Linear dimensions of the upper airway structure during development: assessment by magnetic resonance imaging.

The upper airway undergoes progressive changes during childhood. Using magnetic resonance imaging (MRI), we studied the growth relationships of the tissues surrounding the upper airway (bone and soft tissues) in 92 normal children (47% males; range, 1 to 11 yr) who underwent brain MRI. None had symptoms of sleep-disordered breathing or conditions that impacted on their upper airway. MRI was performed under sedation. Sequential T1-weighted spin echo sagittal and axial sections were obtained and analyzed on a computer. We measured lower face skeletal growth along the midsagittal and axial oropharyngeal planes. In the midsagittal plane the mental spine-clivus distance related linearly to age (r = 0.86, p < 0.001). Along this axis, the dimensions of tongue, soft palate, nasopharyngeal airway, and adenoid increased with age and maintained constant proportion to the mental spine-clivus distance. Similarly, a linear relationship was noted for mandibular growth measured along the intermandibular line on the axial plane and age (r = 0.78, p < 0.001). In addition, the intertonsillar, tonsils, parapharyngeal fat pads, and pterygoids widths maintained constant proportion to intermandibular width with age. We conclude that the lower face skeleton grows linearly along the sagittal and axial planes from the first to the eleventh year. Our data indicate that soft tissues, including tonsils and adenoid, surrounding the upper airway grow proportionally to the skeletal structures during the same time period.

Development of adenoids: a study by measurement with MR images.

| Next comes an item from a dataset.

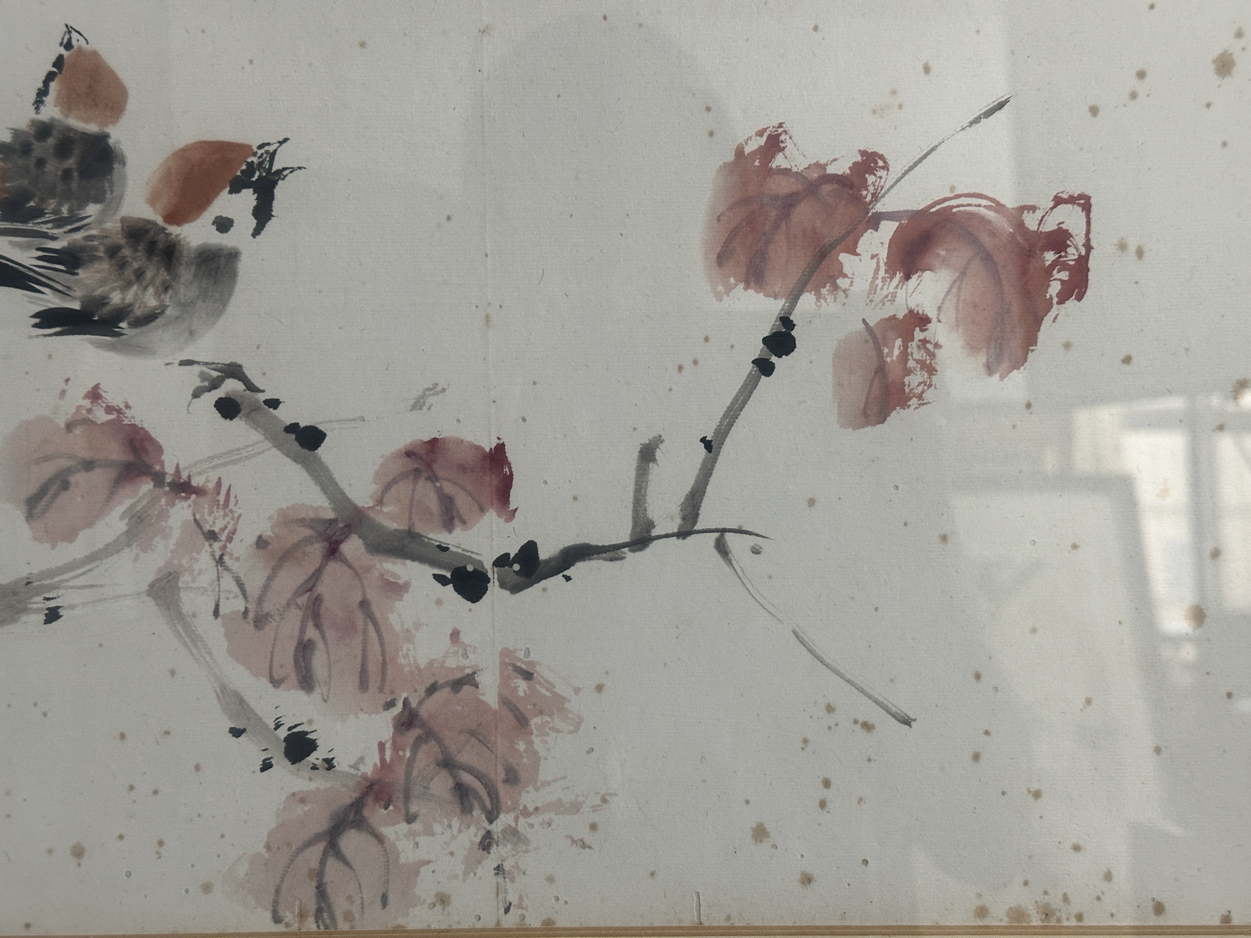 中文說明:喻仲林(1925-1985),祖籍山東冠縣人,台灣著名畫家。早年從軍,1949年入台。1950年進入師範大學旁聽,後師從金勤伯先生學習國畫,專攻宋元花鳥,擅長勾勒設骨二法。與胡念祖、孫家勤並稱為麗水三杰,並一同創辦麗水精舍畫室。喻仲林多次創辦個人畫展,並於1975年應夏威夷大學之邀教授國畫,並獲得中國畫金爵獎。喻仲林是20世紀台灣最具代表性的工筆花鳥畫家之一,以其精細的筆法、典雅的設色和生動的自然意境聞名。他將中國傳統工筆畫與台灣本土生態結合,創造出獨特的花鳥畫風格,被譽為“台灣工筆花鳥第一人”。其作品被台北故宮博物院、國立歷史博物館等機構收藏。此畫精細寫實,羽毛、樹葉等細節刻畫入微,設色生動,色調清雅。

Magnetic resonance (MR) imaging, which is able to demonstrate the actual size of adenoids by differentiating them from other soft-tissue structures, can be effectively used to study the normal development of adenoids. To assess the normal development of adenoids and to understand their role in the nasopharyngeal airway compromise, the adenoids of 290 children who had MR examination for other reasons were measured by midsagittal T1-weighted spin-echo MR image. The maximal thickness of adenoids (A), anteroposterior depth of the nasopharynx (N) and the adenoid-nasopharynx (A/N) ratios were obtained using this method. The results showed that of the infants under the age of 3 months only 2 out of 11 adenoids (18%) could be identified. By 4 months of age, adenoids could be identified in 6 of 8 infants (75%). After 5 months of age, all adenoids were well demonstrated by MR imaging. The adenoids developed rapidly during infancy and reached a plateau between 2- and 14 years of age with a mean thickness ranging from 10.7 to 12.2 mm. Finally, the adenoids regressed rapidly after 15 years old. The A/N ratios, which could be used to assess the airway compromise, had a plateau between 2- and 7 years of age. After that, with the steady growth of the nasopharynx, the possible role of adenoid in airway compromise will become increasingly less significant in later childhood.